> **Problem details**: Going through the material below, output exactly the lines from the one containing "熱(rè)泵(bèng)製熱" through the one containing "A week ago I", and no pictures.

> **Data listing**:
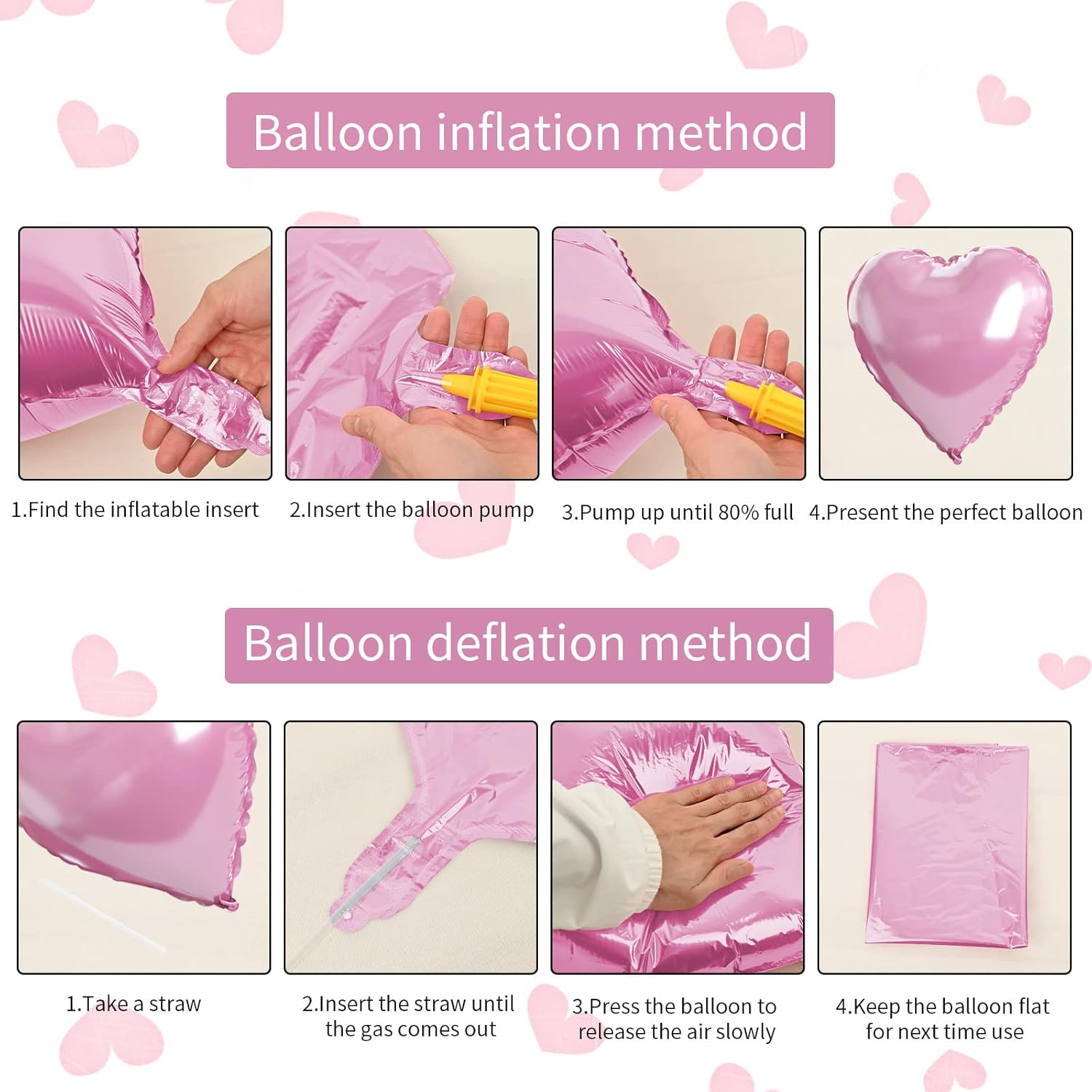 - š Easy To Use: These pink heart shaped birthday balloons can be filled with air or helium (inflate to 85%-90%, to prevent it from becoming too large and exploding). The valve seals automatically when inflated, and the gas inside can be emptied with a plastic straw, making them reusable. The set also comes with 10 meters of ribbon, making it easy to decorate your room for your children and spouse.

--

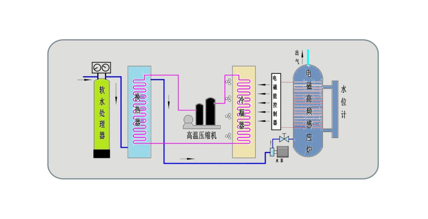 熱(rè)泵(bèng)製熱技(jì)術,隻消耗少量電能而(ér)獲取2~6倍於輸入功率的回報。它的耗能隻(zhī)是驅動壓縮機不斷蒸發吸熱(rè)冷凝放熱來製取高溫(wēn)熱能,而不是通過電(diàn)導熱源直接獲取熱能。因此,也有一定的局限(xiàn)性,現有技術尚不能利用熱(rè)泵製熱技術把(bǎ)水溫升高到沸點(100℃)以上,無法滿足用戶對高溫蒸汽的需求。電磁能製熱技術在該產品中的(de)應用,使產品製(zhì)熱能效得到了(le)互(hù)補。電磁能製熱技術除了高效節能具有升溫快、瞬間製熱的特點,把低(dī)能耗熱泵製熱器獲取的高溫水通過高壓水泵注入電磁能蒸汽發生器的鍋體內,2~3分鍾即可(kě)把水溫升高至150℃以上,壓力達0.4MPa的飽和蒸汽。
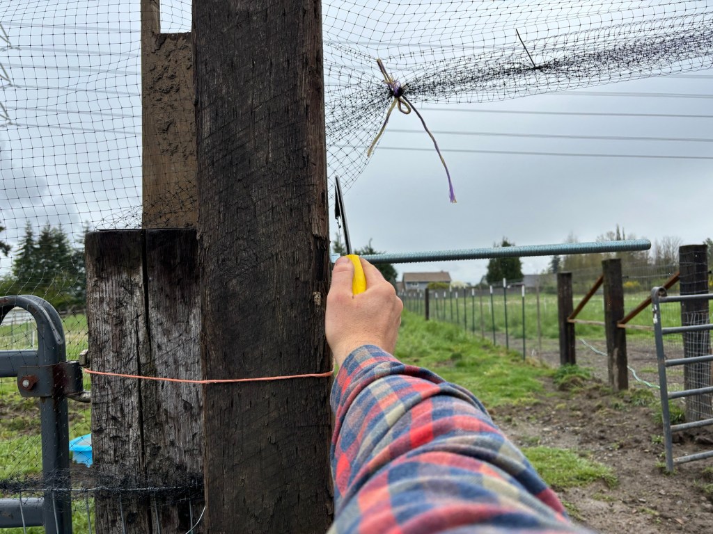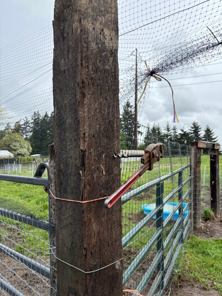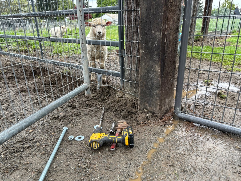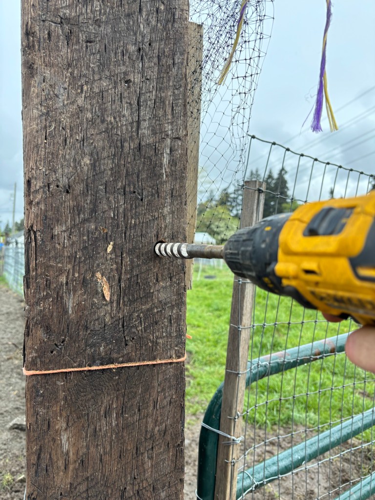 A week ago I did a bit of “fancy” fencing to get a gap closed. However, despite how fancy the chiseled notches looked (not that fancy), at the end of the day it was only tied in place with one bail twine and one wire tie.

---

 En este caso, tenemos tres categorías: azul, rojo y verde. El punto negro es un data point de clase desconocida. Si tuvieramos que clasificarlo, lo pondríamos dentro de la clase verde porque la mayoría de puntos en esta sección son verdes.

> **Solution for this task**:
 熱(rè)泵(bèng)製熱技(jì)術,隻消耗少量電能而(ér)獲取2~6倍於輸入功率的回報。它的耗能隻(zhī)是驅動壓縮機不斷蒸發吸熱(rè)冷凝放熱來製取高溫(wēn)熱能,而不是通過電(diàn)導熱源直接獲取熱能。因此,也有一定的局限(xiàn)性,現有技術尚不能利用熱(rè)泵製熱技術把(bǎ)水溫升高到沸點(100℃)以上,無法滿足用戶對高溫蒸汽的需求。電磁能製熱技術在該產品中的(de)應用,使產品製(zhì)熱能效得到了(le)互(hù)補。電磁能製熱技術除了高效節能具有升溫快、瞬間製熱的特點,把低(dī)能耗熱泵製熱器獲取的高溫水通過高壓水泵注入電磁能蒸汽發生器的鍋體內,2~3分鍾即可(kě)把水溫升高至150℃以上,壓力達0.4MPa的飽和蒸汽。
 A week ago I did a bit of “fancy” fencing to get a gap closed. However, despite how fancy the chiseled notches looked (not that fancy), at the end of the day it was only tied in place with one bail twine and one wire tie.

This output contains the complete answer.